This year they saw the market go up all the time and now
they are again scared to invest in equity, because of their fear, which is, the
market can crash anytime. Such investors should go for hybrid funds, which
invest in both debt and equity. The debt portion would take care of the security
of the investment and Equity would take care of the growth. This is one of the
safe investments in mutual funds which would ensure you do not erode your
wealth.
One of the most commonly named funds in this hybrid category
are monthly Income plans. These funds invest around 75% in Debt and the balance
in equity. The debt portion increases if the market is too heated. So the debt
portion gives you a stable return just like fixed deposits and depending on
market situation equity would give growth. So when the going is good, the
returns would go to say 13-15%, but in a bad market the returns could be from
11-13%, which is not bad at all. If you look at all the Monthly Income plans
the average returns for the last 5 years is around 12.5%. Here as I had said
earlier, we still cannot give guarantees for returns.

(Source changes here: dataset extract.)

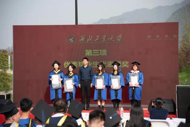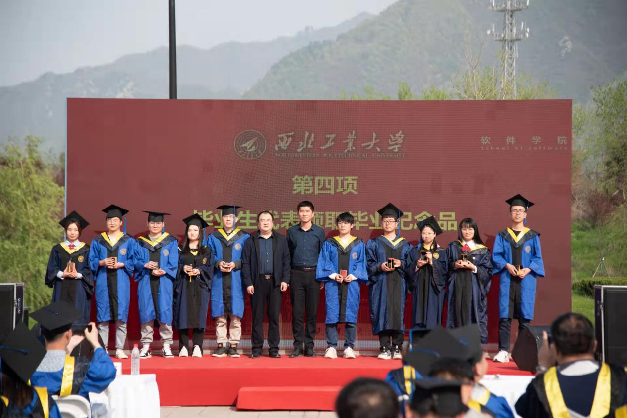 典礼的尾声,老师和毕业生们共同唱起《西北工业大学校歌》,在熟悉的旋律过后,拨穗环节开始了,伴着音乐,郑江滨和李晗面带微笑,迎接着一位位优秀的软件学子,同学们依次走上前,享受着属于自己的毕业时刻。在不到三年的时光里,同学们已经从青涩的少年成长为国家的栋梁,将继续昂扬向上,奔赴祖国各地开启新的篇章。
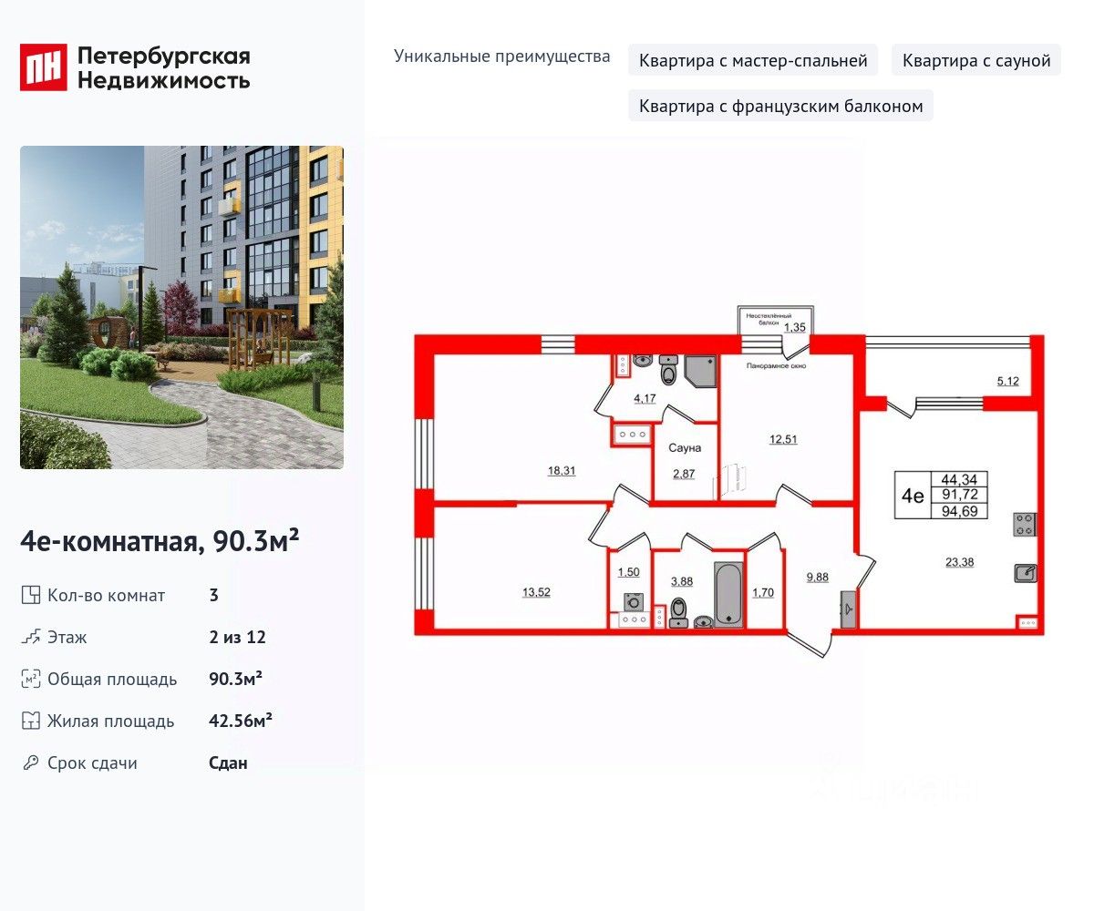 Уникальная, функциональная европланировка, большая кухня-гостиная 23.96 м², вместительная прихожая 9.88 м². Общая площадь квартиры - 90.3 м², жилая 42.56 м², высота потолка 2.77 м.

Investments in these funds should be for a minimum of 3
years, as a major portion of the funds are invested in debt, these are treated
as debt funds for income tax purposes and if you have read some of my earlier
posts, you would have seen, that debt funds definitely beat fixed deposits if
the investment is for more than 3 years. So Monthly Income Plans are tax
efficient investments as well. If you go for dividend option, it’s even better
as Dividends are tax free, but remember, the income tax department taxes their
pound of flesh, in the form of dividend distribution tax, which is quite heavy
at around 28% after adding surcharge and tax. So it is better to go for growth
option and withdraw any time after 3 years when you need the money or go for a
systematic withdrawal plan after 3 years.